_TASK:_ Return, unchanged and with no pictures, the lines below from the very first through the one that contains "Foi encontrado na".

_COLLECTED MATERIAL:_
- Opening Delimiter -

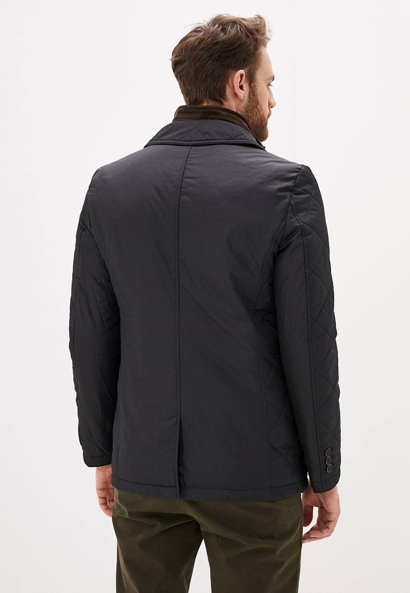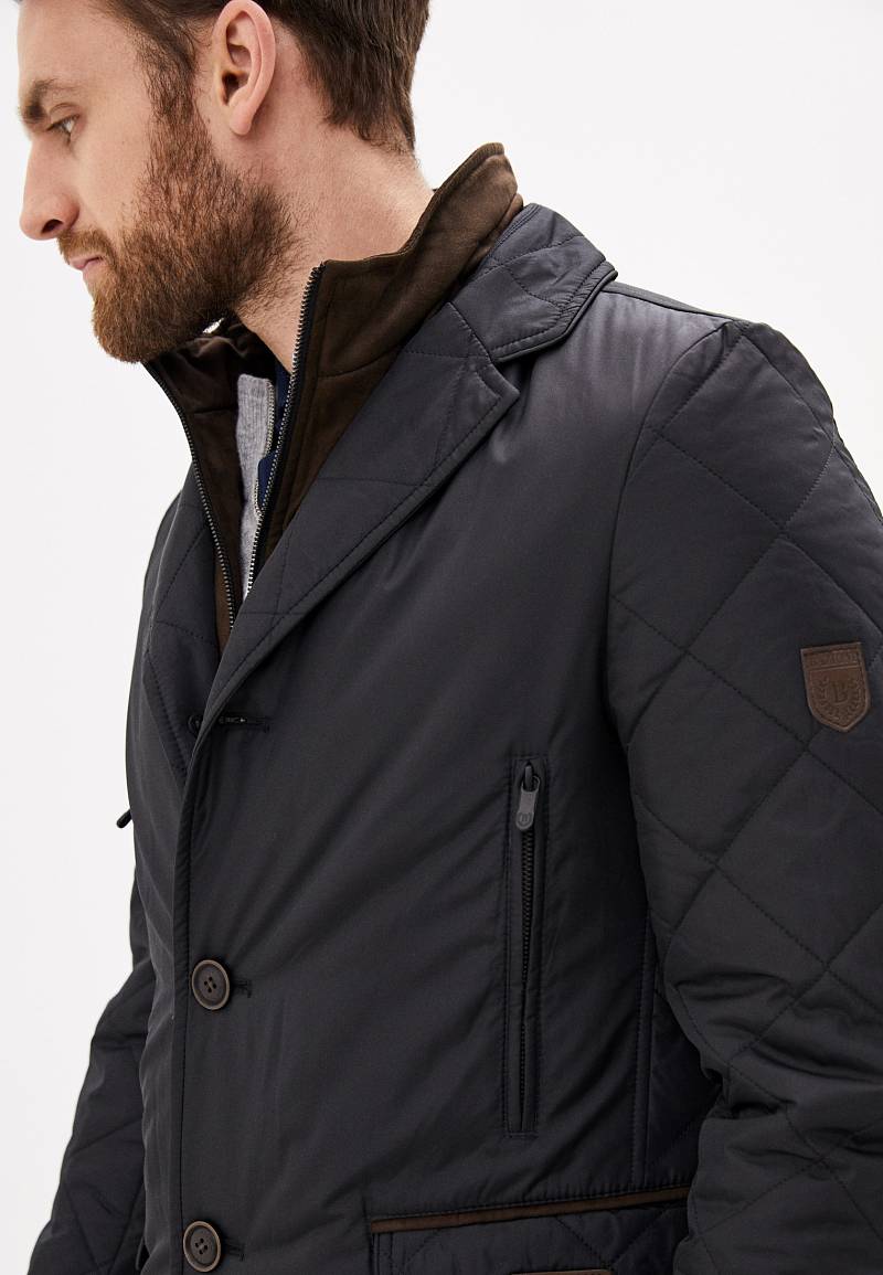Мужская куртка-пиджак из плащевой ткани с лацканами и манишкой на молнии. застёжка на пуговицы, Рукава, воротник, лацканы, боковые части, клапаны из-стеганной ткани. Воротник - на манишке-стойка, Карманы нагрудные-"в рамку" с молнией, боковые карманы-"в рамку" с клапаном+боковые карманы "в шве". Нижний воротник из отделочной ткани. В среднем шве спинки -шлица на потайных кнопках. Длина изделия по спинке для роста 176 - 78см. Ткань верха: 100%полиэстер. Подкладка: 100%полиэстер. Утеплитель: термоплюс 120гр
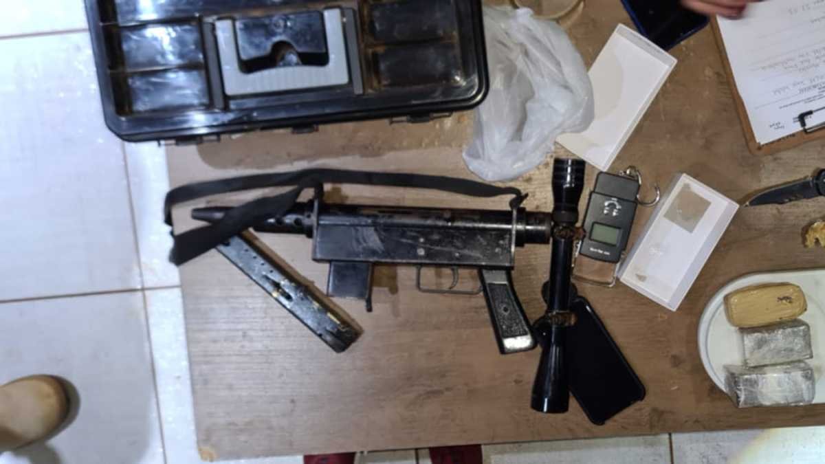 Foi encontrado na casa do mecânico, Gerardo Veja Morínigo, de 25 anos, morto a tiros na noite de ontem (30), uma metralhadora e drogas, durante investigação a Polícia Nacional do Paraguai que esteve na residência da vitima.
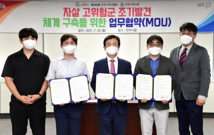 진주시-진주시의사회-진주시약사회, ‘우리동네 마음이음 사업’협력- 자살 고위험군 조기발견 체계 구축 업무협약 체결 -진주시와 진주시의사회, 진주시약사회는 지난 26일 진주시청 상황실에서 ‘우리동네 마음이음 사업’의 일환으로 자살 고위험군 조기발견 체계 구축을 위한 협약

- Closing Delimiter -

_EXERCISE ANSWER:_
Мужская куртка-пиджак из плащевой ткани с лацканами и манишкой на молнии. застёжка на пуговицы, Рукава, воротник, лацканы, боковые части, клапаны из-стеганной ткани. Воротник - на манишке-стойка, Карманы нагрудные-"в рамку" с молнией, боковые карманы-"в рамку" с клапаном+боковые карманы "в шве". Нижний воротник из отделочной ткани. В среднем шве спинки -шлица на потайных кнопках. Длина изделия по спинке для роста 176 - 78см. Ткань верха: 100%полиэстер. Подкладка: 100%полиэстер. Утеплитель: термоплюс 120гр
 Foi encontrado na casa do mecânico, Gerardo Veja Morínigo, de 25 anos, morto a tiros na noite de ontem (30), uma metralhadora e drogas, durante investigação a Polícia Nacional do Paraguai que esteve na residência da vitima.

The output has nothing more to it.